Collective Origin of the Coexistence of Apparent RMT Noise and Factors in Large Sample Correlation Matrices
Y. Malevergne (Univ. Nice, Univ. Lyon), D. Sornette (CNRS-Univ., Nice, UCLA)

TL;DR
This paper demonstrates that the coexistence of RMT noise and large eigenvalues in large correlation matrices arises from a collective effect of the underlying data, not from external factors, revealing intrinsic information in the spectrum.
Contribution
It introduces a simple analytical framework showing the collective origin of spectral features in large correlation matrices, challenging the traditional factor-based interpretation.
Findings
Eigenvalue spectrum coexistence results from collective effects.
Large eigenvalues are not solely due to external factors.

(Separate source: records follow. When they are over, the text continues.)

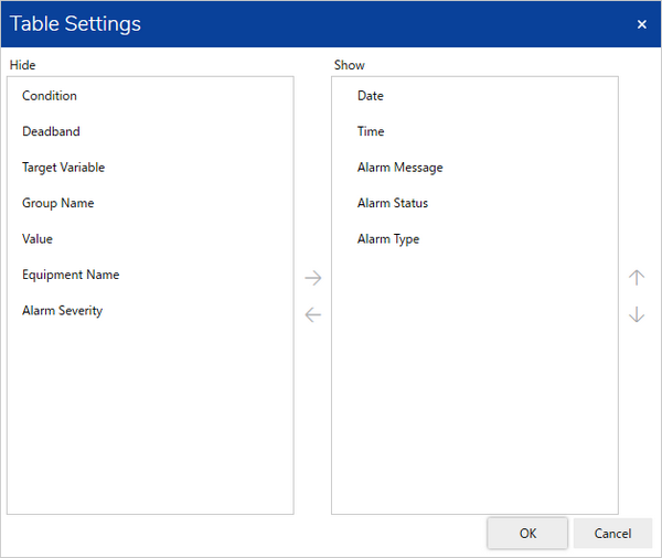アラーム表示器オブジェクトには、アラームデータベース (ログ) またはアラームデータベース (アクティブ) のアラームデータが直接表示されます。
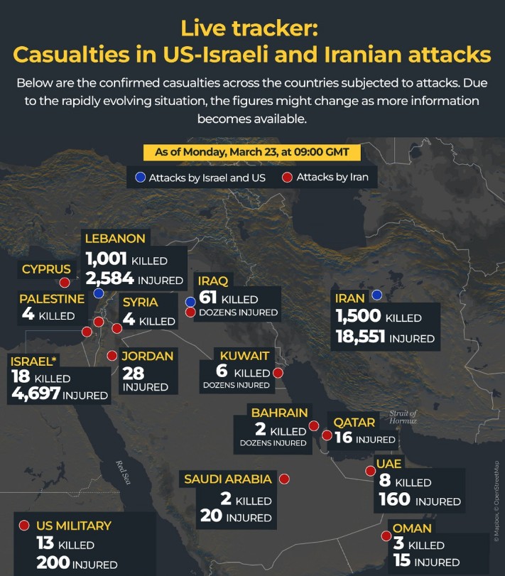 Libani: Të paktën 1,029 persona janë vrarë nga sulmet izraelite që nga 2 marsi, sipas autoriteteve libaneze. Organizata Botërore e Shëndetësisë dhe autoritetet shëndetësore libaneze thanë se më shumë se 100 prej viktimave janë fëmijë.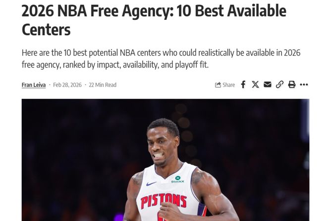 准备开抢!在常规赛进入冲刺阶段,美媒《fadeawayworld》提前评选出26年自由市场10大中锋,其中湖人艾顿第6,湖人心上人凯斯勒高居第二。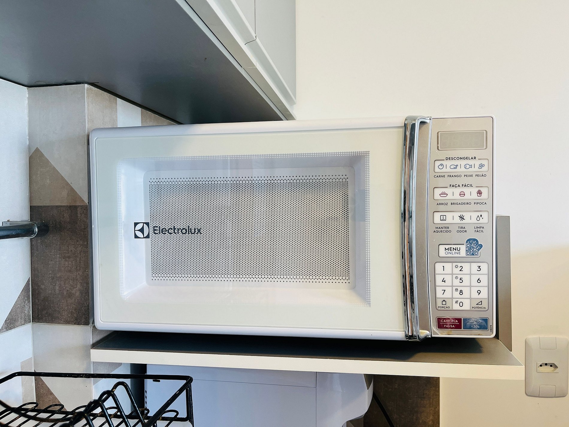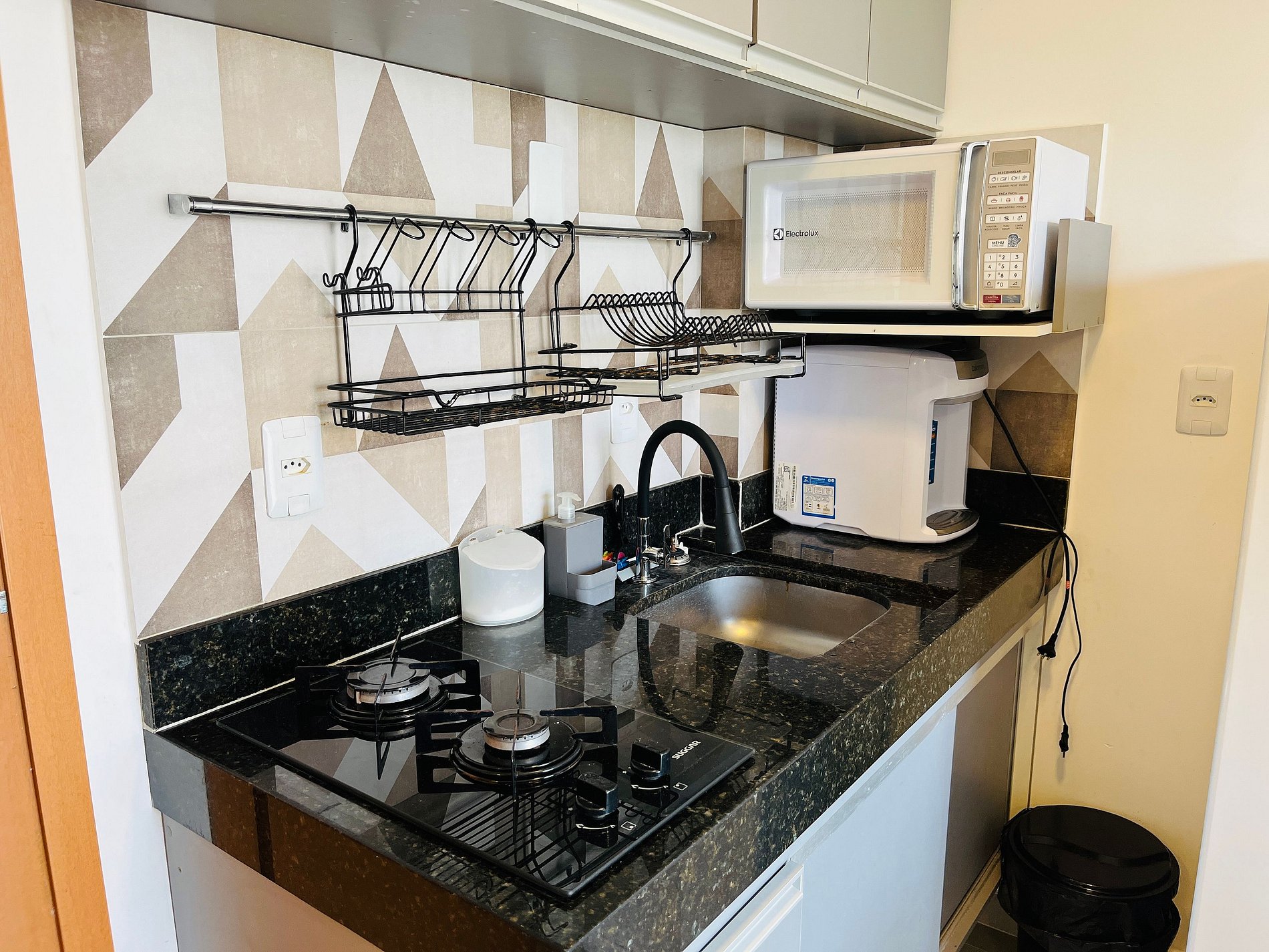 - Cozinha equipada com geladeira, micro-ondas, fogão, cafeteira, airfryer, liquidificador, sanduicheira, purificador de água e utensílios diversos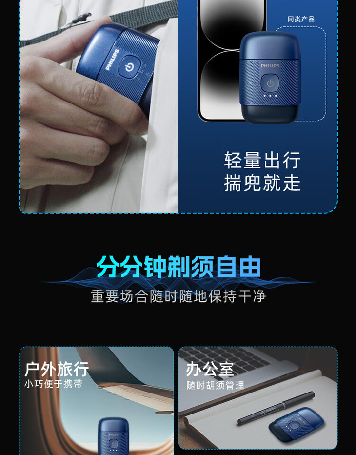 PHILIPS飞利浦鹅卵石便携电动剃须刀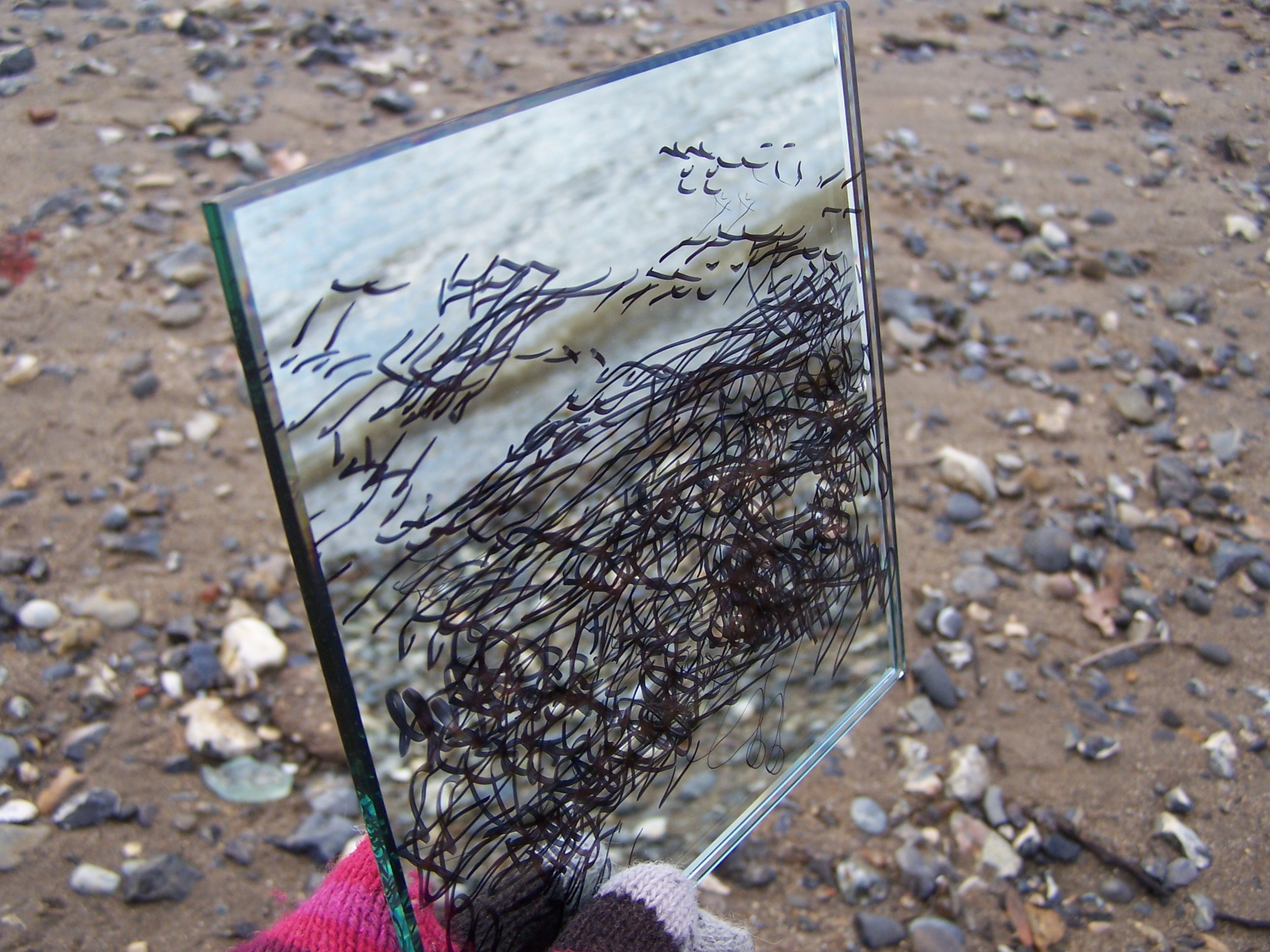 from the series 12 minutes, pen on mirror, 2007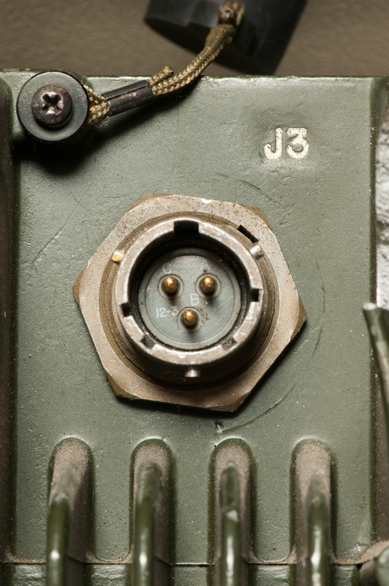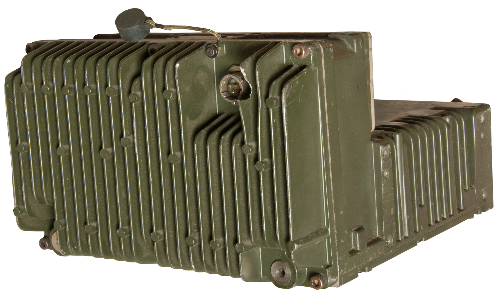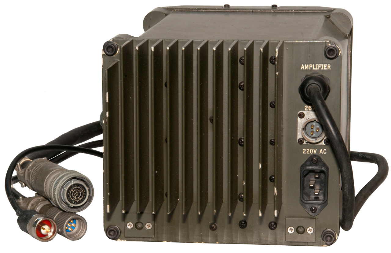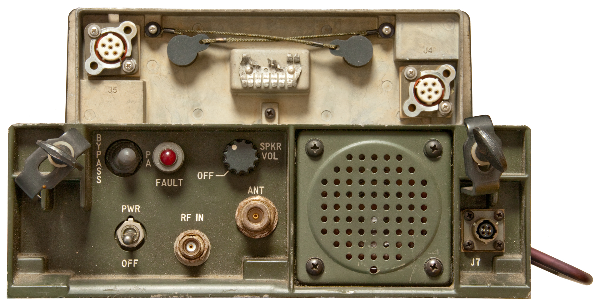 This is a dual band RF power amplifier that works with the RT-1319 to amplify either the VHF AM aircraft band or the UHF AM aircraft band. It has a panel that looks like the battery box for the PRC-113 radio with two battery sockets to provide DC power to the radio. The radio front panel antenna connector has a jumper that goes to the AM-7176 front panel so the AM-7176 has a T/R (transmit/receive) switch inside. There is also a loud speaker in the AM-7176.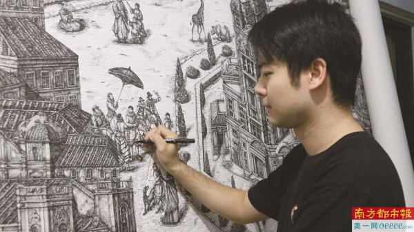 霍凯盛:我大概画了10年吧,中间因为眼睛的原因去医院很多次了,眼力消耗非常大,眼药水都用了很多了。没办法,自己喜欢,是我的专业,这个也是我的自信,所以很矛盾。你高度专注去画画,就很难抽出来。当你专心的时候就不想离开,也就想一直画下去。这样子其实对身体,不光是眼睛,损耗都很大。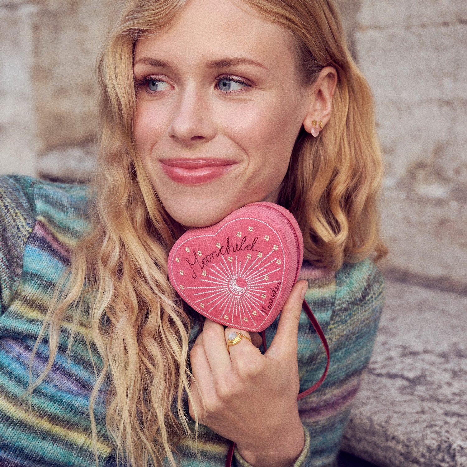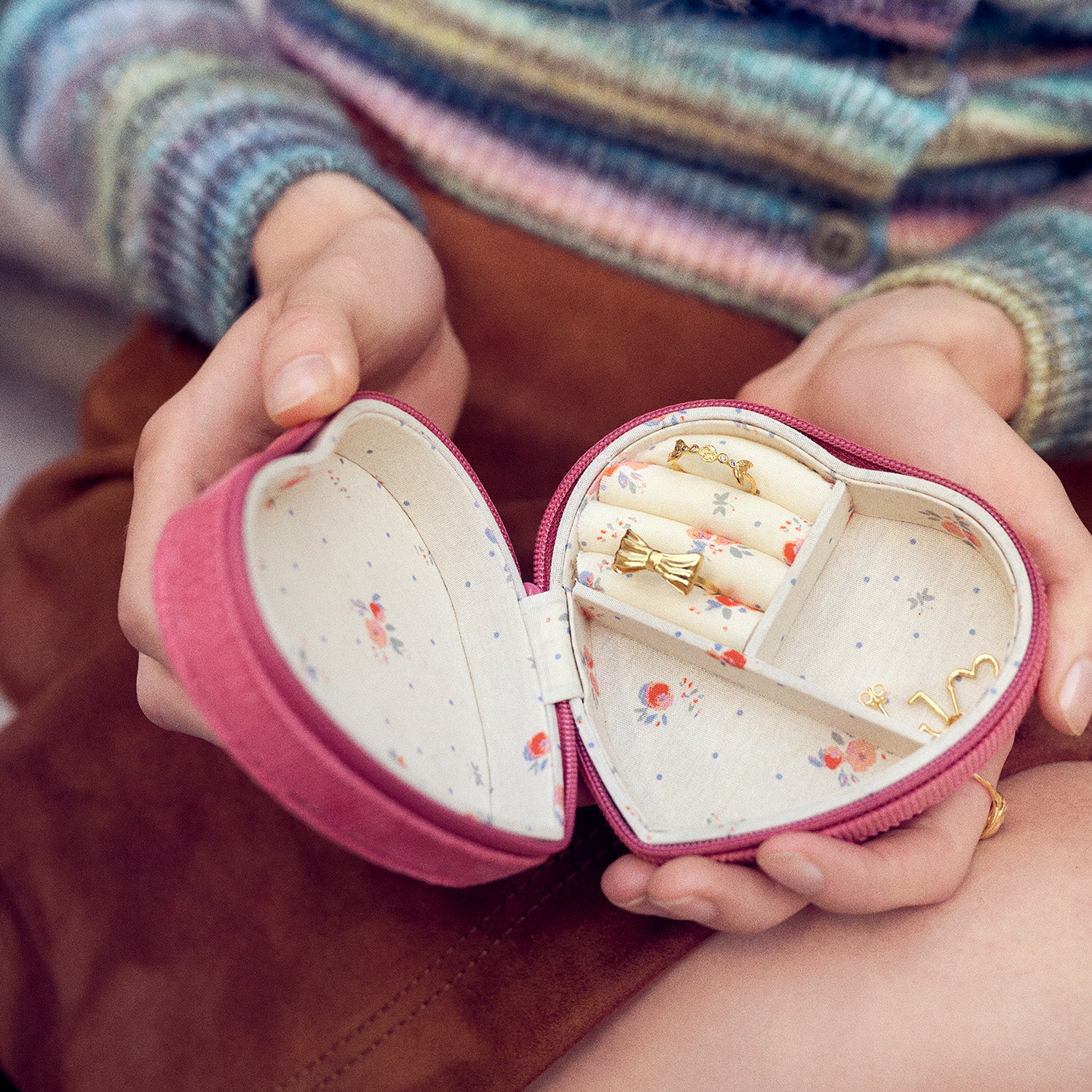 Maanesten - Heart Pink smykkeskrin - Tekstil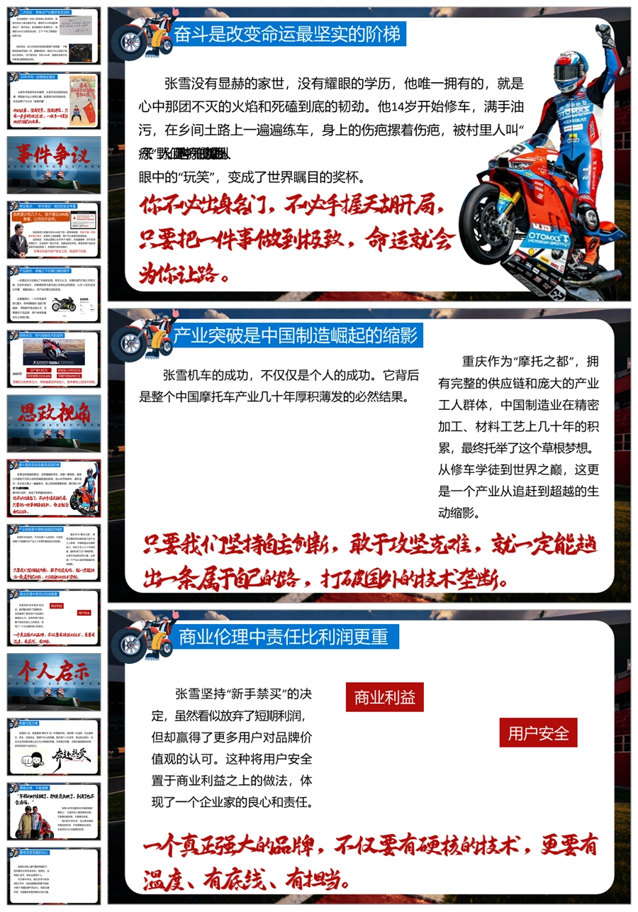 【6119】《从修车铺到世界冠军》张雪机车世界夺冠的追梦启示励志主题班会PPT课件+教案+视频+逐字稿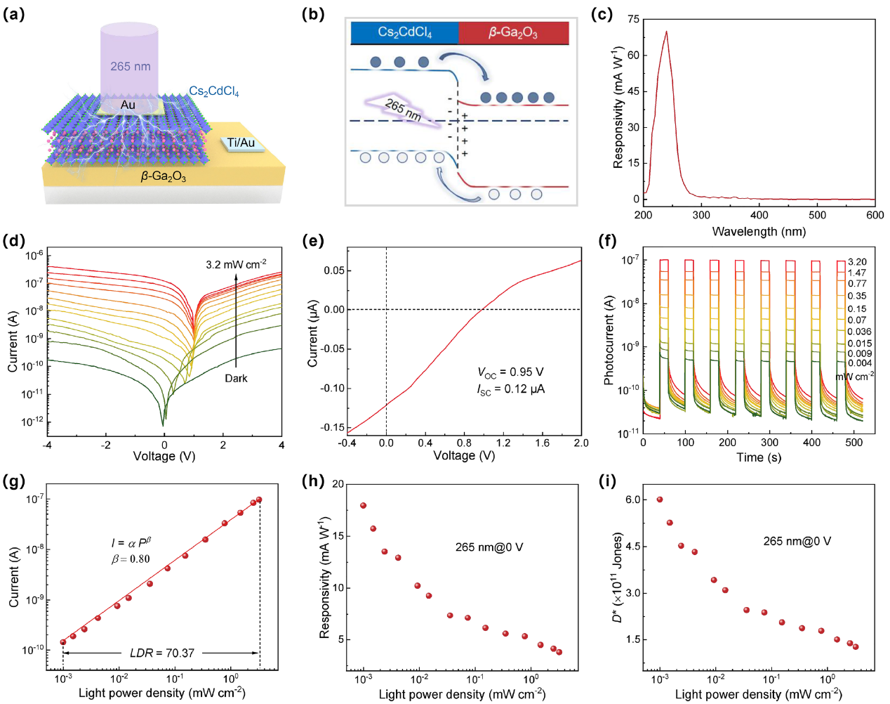 Figure 4. Solar-blind ultraviolet photodetection performance of Cs2CdCl4/β-Ga2O3 heterojunction photodetectors. (a) Schematic diagram of the device structure; (b) schematic illustration of the band alignment in the Cs2CdCl4/β-Ga2O3 heterojunction under solar-blind UV illumination; (c) responsivity spectrum of the device at 0 V; (d) current-voltage (I–V) characteristics of the device under dark conditions and different incident light power densities; (e) zoomed-in I−V curves highlighting the photovoltaic effect in the Cs2CdCl4/β-Ga2O3 heterojunction; (f) photocurrent versus time (I−t) curves of the device under different light power densities; variation of (g) photocurrent, (h) responsivity (R), and (i) specific detectivity (D*) of the device with incident light power density at 0 V bias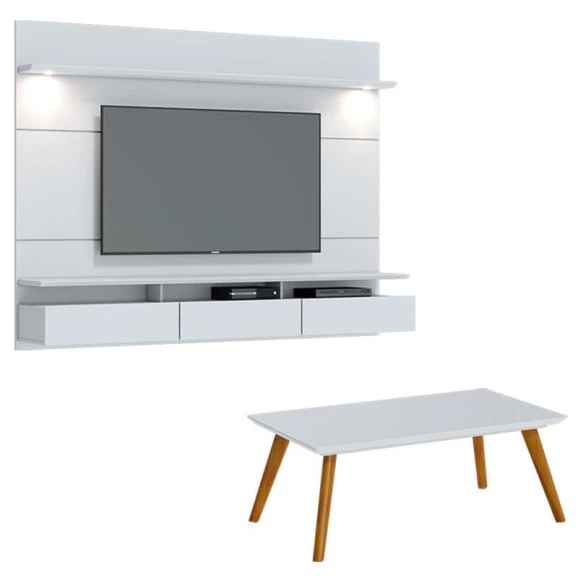 Painel Suspenso Decore 1.8 com Mesa de Centro Classic Branco Acetinado - Imcal

Bulk spectrum contains relevant information.
Abstract
Through simple analytical calculations and numerical simulations, we demonstrate the generic existence of a self-organized macroscopic state in any large multivariate system possessing non-vanishing average correlations between a finite fraction of all pairs of elements. The coexistence of an eigenvalue spectrum predicted by random matrix theory (RMT) and a few very large eigenvalues in large empirical correlation matrices is shown to result from a bottom-up collective effect of the underlying time series rather than a top-down impact of factors. Our results, in excellent agreement with previous results obtained on large financial correlation matrices, show that there is relevant information also in the bulk of the eigenvalue spectrum and rationalize the presence of market factors previously introduced in an ad hoc manner.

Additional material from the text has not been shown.